It's possible. Here's a hack that does it, but I wouldn't use this in practice as it's nasty and depends on implementation details that might change and I believe it's not thread-safe, either. Just to demonstrate that it's possible.

You're mostly right with your "somewhere must exist an object storing the current state of the comprehension" (although it doesn't necessarily have to be a Python list object, Python could store the elements some other way and create the list object only afterwards).

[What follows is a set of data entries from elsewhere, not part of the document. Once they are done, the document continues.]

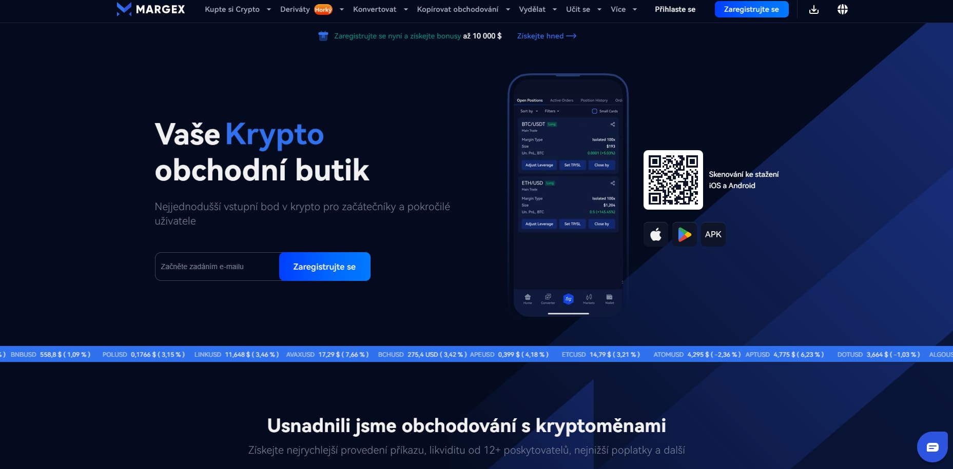 - Margex – Futures burza s až 100x pákou, zaměřená na zkušenější uživatele, kteří již vlastní kryptoměny.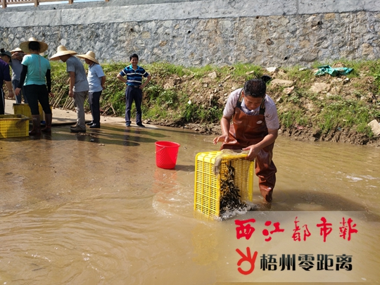 当天上午,工作人员对准备投放的鱼苗进行现场称重和验收,确保这批鱼苗的质量和规格均达到放流标准。随后,工作人员把鱼苗投入江中,一尾尾鱼苗迅速游离岸边。据了解,梧州市渔政部门计划在2019年度增殖放流各类鱼苗300多万尾,自今年3月1日禁渔期以来,已经开展了四次行动,共增殖放流鱼苗270多万尾。其中,鳙鱼鱼苗80多万尾,赤眼鳟鱼鱼苗60多万尾,鲢鱼鱼苗约138万尾。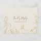 Cette carte postale RSVP pour la demande de chansons dorées à la crème fleurie est parfaite pour un mariage élégant. Le design boho moderne présente un arrangement fantaisiste de faux feuilles d'or dessiné à la main, de feuilles et de botaniques sur un arrière - plan crème. Créez votre liste d'invités mariages et votre liste de chansons de piste de danse tout à la fois ! Cette carte postale de réponse mariage demande si les invités pourront assister à votre mariage, et aussi quelle chanson les amènera à danser.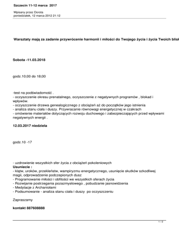 Szczecin 11-12 marca 2017 Wpisany przez Dorota poniedziałek, 12 marca 2012 21:12 Warsztaty mają za zadanie przywrócenie harmonii i miłości do Twojego życia i życia Twoich blisk Sobota -11.03.2018 godz.10;00 do 18;00 -test na podświadomość . - oczyszczenie okresu prenatalnego, oczyszczenie z negatywnych programów , blokad i wpływów. - oczyszczenie drzewa genealogicznego z obciążeń aż do początków jego istnienia - analiza stanu ciała i duszy. Przywracanie równowagi energetycznej w czakrach - omówienie materiałów dotyczących rozwoju duchowego i zabezpieczających przed wpływami negatywnych energii . 12.03.2017 niedziela godz.10 -17 - uzdrowienie wszystkich sfer życia z obciążeń pokoleniowych Usuniecie : - klątw, uroków, przekleństw, wampiryzmu energetycznego, usunięcie skutków szkodliwej magii, odprowadzenie podczepionych dusz - Programowanie miłości i obfitości we wszystkich sferach życia - Rozwijanie postrzegania pozazmysłowego , pobudzanie jasnowidzenia - Medytacje z Archaniołami - Podsumowanie - analiza stanu ciała i duszy po oczyszczeniu Zapraszamy kontakt 887608888 1/2 Szczecin 11-12 marca 2017 Wpisany przez Dorota poniedziałek, 12 marca 2012 21:12 Spotkania indywidualne 09-10 marca 2017 2/2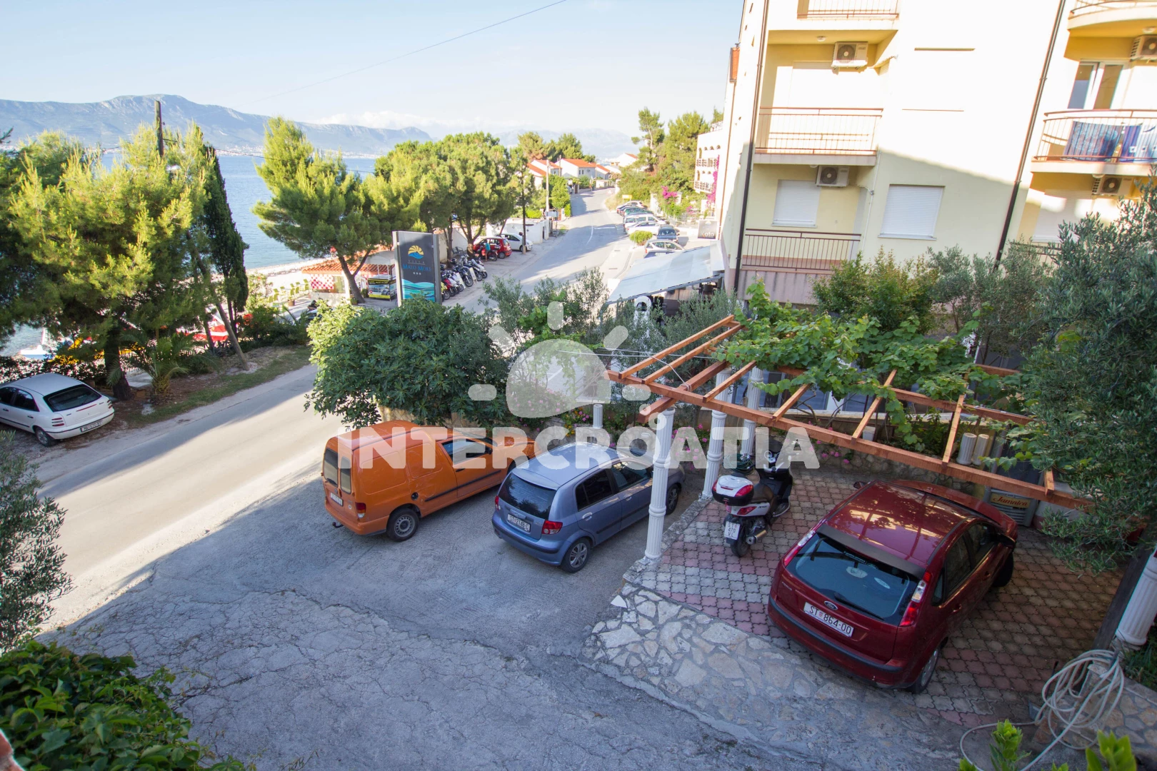 Vzdálenosti: Moře 10 m, pláž 10 m (oblázky), lékárna 10 m, veřejná doprava 10 m, supermarket 10 m, bar 10 m, restaurace 10 m, čerpací stanice 3 km, banka 3 km, centrum 3 km, letiště 8 km,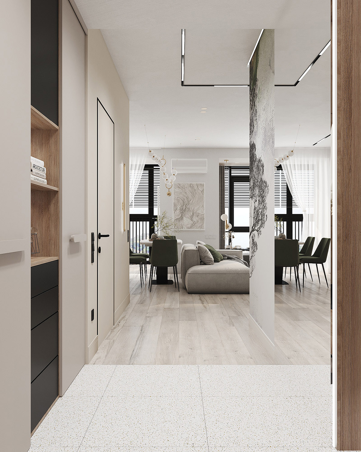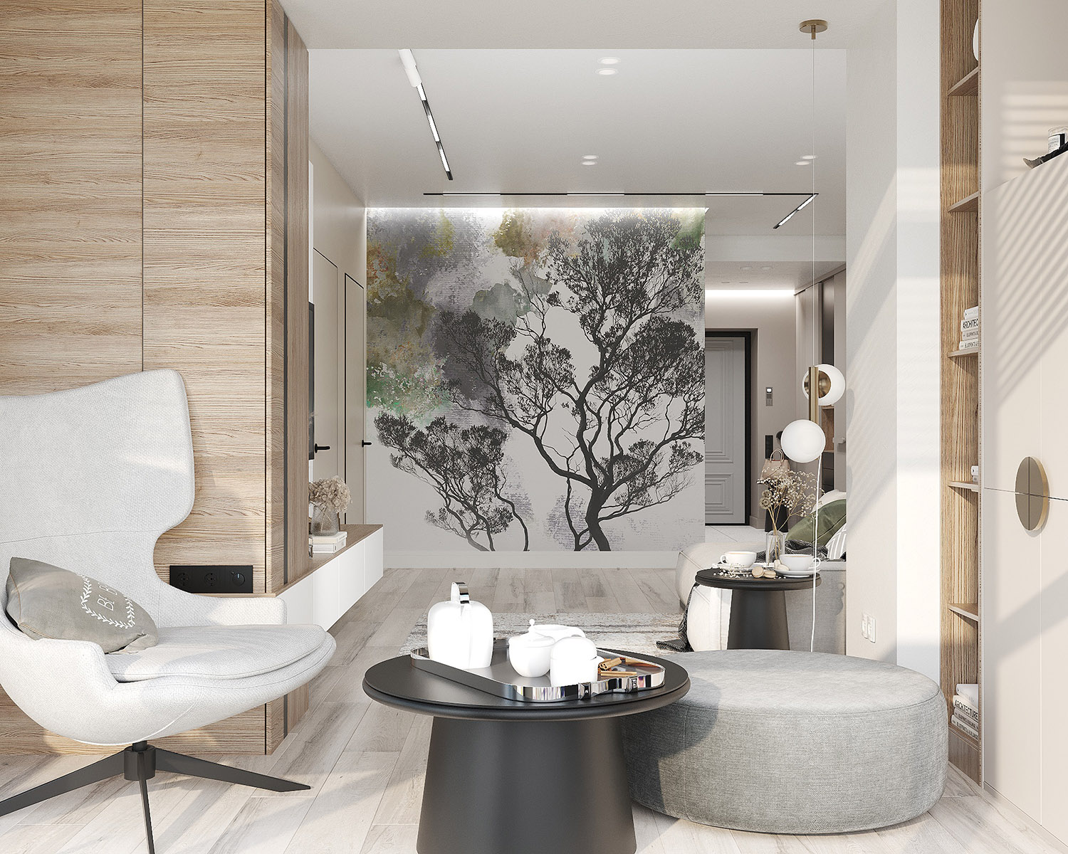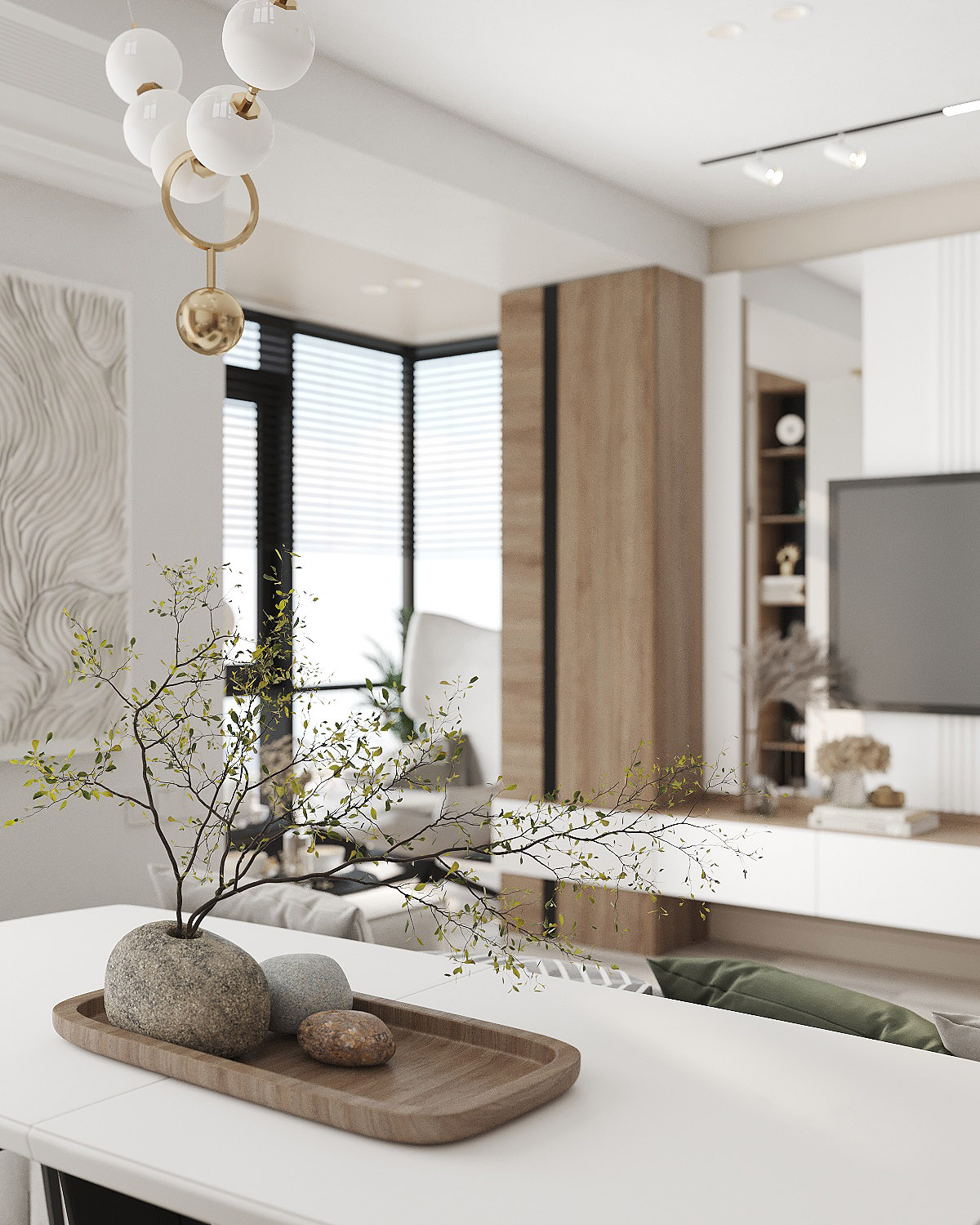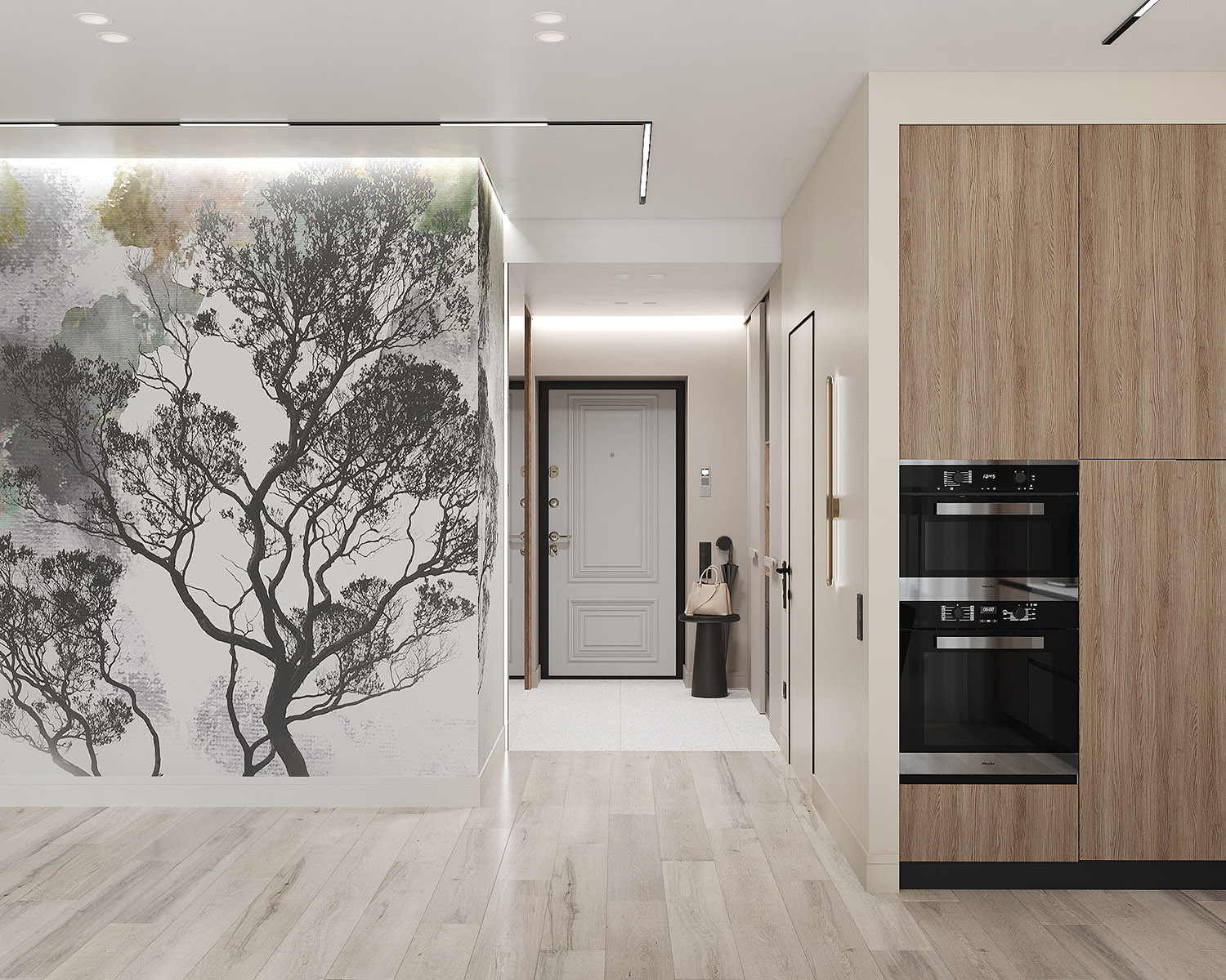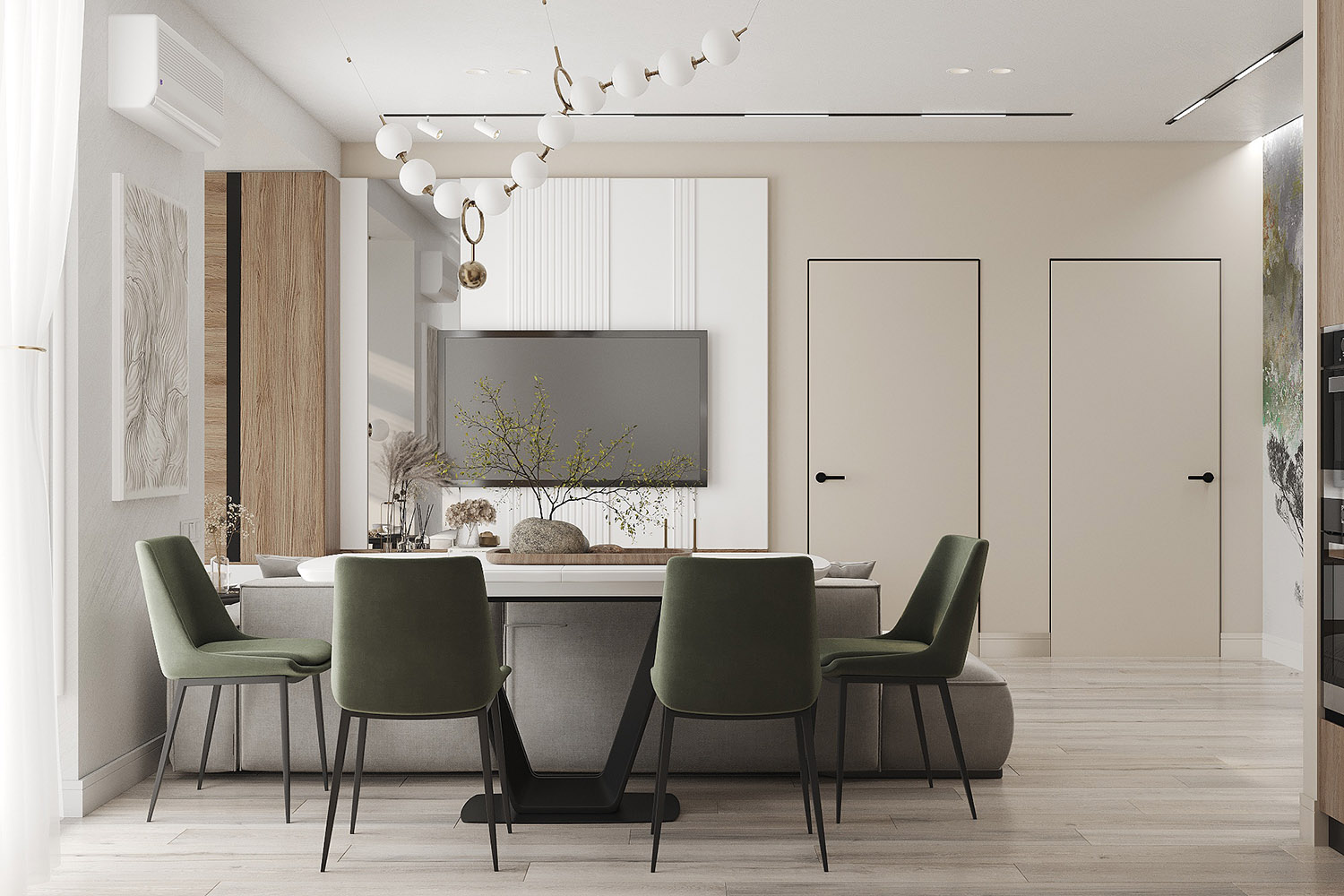 Проект кухни-гостиной в ЖК «Scandis ozero» города Красноярска для взрослой пары. Это микрорайон для тех, кто не готов расстаться с детской мечтой о жизни на природе у воды, даже в формате мегаполиса. Во дворе этого ЖК создано искусственное озеро. Дизайнер захотел привнести атмосферу жизни на природе и в интерьер этой квартиры. Он выполнен в современном стиле с нотами природных оттенков и изображений на стенах в виде дизайнерских обоев VETVE 21.

We can find the new list object in the objects tracked by garbage collection. Collect the IDs of lists before the comprehension's list is created, then look again and take the one that wasn't there before.

Demo:

import gc

L = [1,2,5,2,1,1,3,4]

L_unique = [
    item

    # the hack to get self
    for ids in [{id(o) for o in gc.get_objects() if type(o) is list}]
    for self in [o for o in gc.get_objects() if type(o) is list and id(o) not in ids]

    for item in L
    if item not in self
]

print(L_unique)

Output (Try it online!):

[1, 2, 5, 3, 4]

Worked both in the linked site's Python 3.8 pre-release version and in Python 3.10.2 somewhere else.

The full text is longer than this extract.